Roasting and Baking -

Old-fashioned "roasting" consisted in cooking meats on a spit before an open fire, as still done in England, but in this country the term is now applied almost exclusively to meat cooked in the oven. The term "baked," formerly applied to all foods cooked in the oven, is now confined to fish, vegetables, etc., as "baked weakfish," "baked potatoes," etc. - meats such as beef, lanb, etc., are similarly cooked but are known as "roast beef," "roast lamb," etc.

"Roasting" involves a considerable loss of weight, but it has always been and still remains one of the most popular methods.

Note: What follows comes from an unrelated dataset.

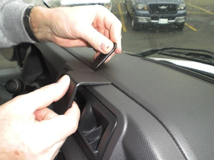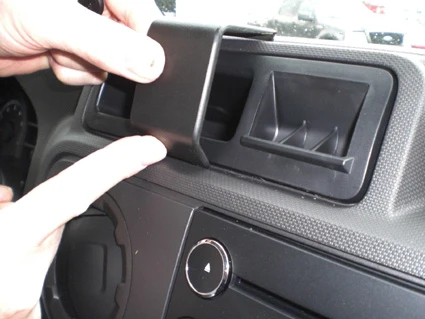 Use the enclosed alcohol pad to clean the area where the ProClip is to be installed. Peel off the cover of adhesive tape on the ProClip. Press the curved edge on the lower part of the ProClip into the gap between the dashboard and the coin box. Press until you see or hear it clicks into place.

The chef points to be observed are:

  • (1) To keep the oven clean.
  • (2) To regulate the temperature to avoid both waste of time by too slow cooking and poor results by excessive heat.
  • (3) That the greatest heat should be for only the first ten minutes, to obtain the outside "envelop" of coagulated albumen to retain the juices - as mentioned under the head of Boiling - and then should be more moderate - and steady.
  • (4) That the meat must be basted frequently, as this greatly assists in the cooking, keeps the meat juicy and improves the flavor.

Both roasting and baking develop the meat extractives or flavor to a high extent, lightening the meat at the same time by the melting of some of the interleaved fat and changing some of the connective tissues into gelatine.